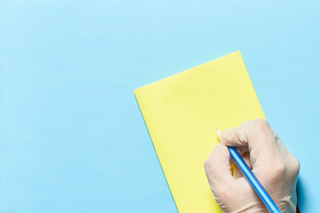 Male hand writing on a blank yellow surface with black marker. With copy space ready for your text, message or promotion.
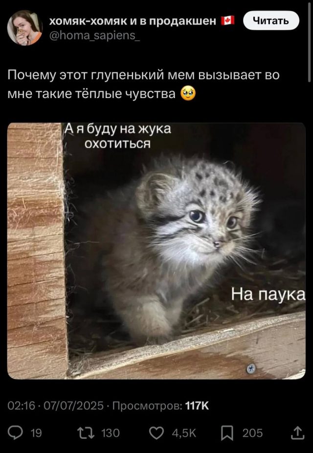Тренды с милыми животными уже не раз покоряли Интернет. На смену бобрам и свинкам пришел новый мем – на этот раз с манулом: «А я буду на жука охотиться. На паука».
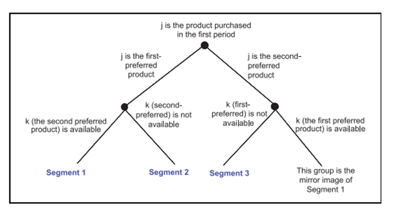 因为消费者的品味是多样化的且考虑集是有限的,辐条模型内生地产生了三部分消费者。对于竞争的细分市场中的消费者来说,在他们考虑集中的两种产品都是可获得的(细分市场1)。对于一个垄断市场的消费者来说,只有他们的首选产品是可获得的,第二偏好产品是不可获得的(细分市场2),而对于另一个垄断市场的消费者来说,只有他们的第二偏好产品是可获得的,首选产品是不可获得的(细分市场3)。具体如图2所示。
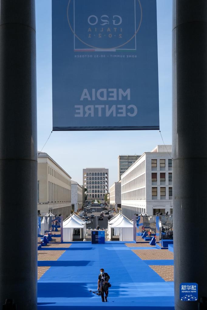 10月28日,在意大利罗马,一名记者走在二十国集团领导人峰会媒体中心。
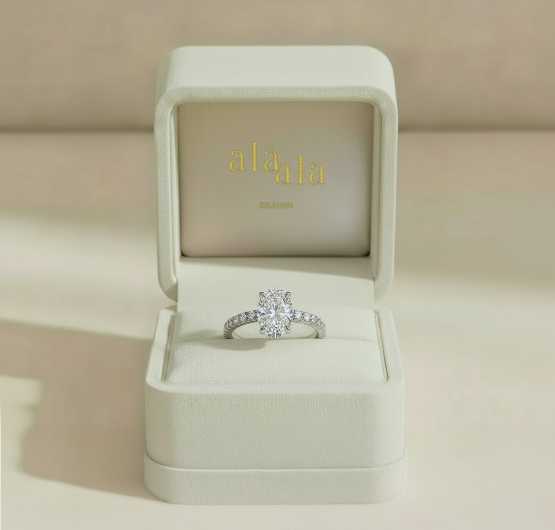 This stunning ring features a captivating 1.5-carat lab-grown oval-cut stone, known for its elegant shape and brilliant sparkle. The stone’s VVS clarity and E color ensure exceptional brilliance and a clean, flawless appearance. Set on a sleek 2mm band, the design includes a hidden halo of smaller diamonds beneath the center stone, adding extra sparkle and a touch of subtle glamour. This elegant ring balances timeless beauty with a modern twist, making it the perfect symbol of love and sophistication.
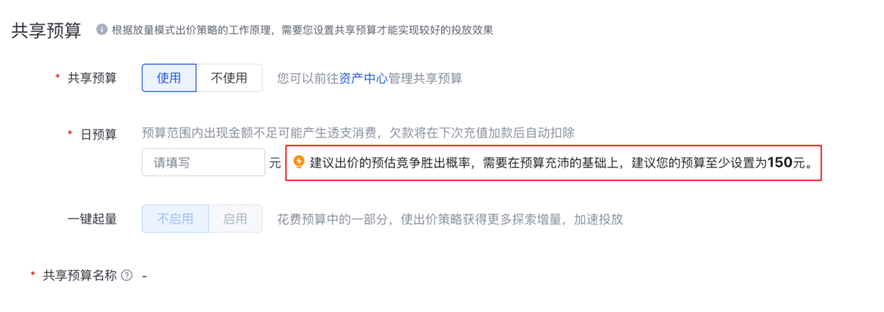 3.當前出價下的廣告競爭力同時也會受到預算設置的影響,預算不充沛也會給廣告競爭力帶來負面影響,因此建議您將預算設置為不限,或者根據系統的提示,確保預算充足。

▶ What the task requires
Retype, exactly and with no pictures, everything above from the line with "Тренды с милыми" down to the line with "10月28日,在意大利罗马,一名记者走在二十国集团领导人峰会媒体中心。", both included.

▶ Solved problem
Тренды с милыми животными уже не раз покоряли Интернет. На смену бобрам и свинкам пришел новый мем – на этот раз с манулом: «А я буду на жука охотиться. На паука».
 因为消费者的品味是多样化的且考虑集是有限的,辐条模型内生地产生了三部分消费者。对于竞争的细分市场中的消费者来说,在他们考虑集中的两种产品都是可获得的(细分市场1)。对于一个垄断市场的消费者来说,只有他们的首选产品是可获得的,第二偏好产品是不可获得的(细分市场2),而对于另一个垄断市场的消费者来说,只有他们的第二偏好产品是可获得的,首选产品是不可获得的(细分市场3)。具体如图2所示。
 10月28日,在意大利罗马,一名记者走在二十国集团领导人峰会媒体中心。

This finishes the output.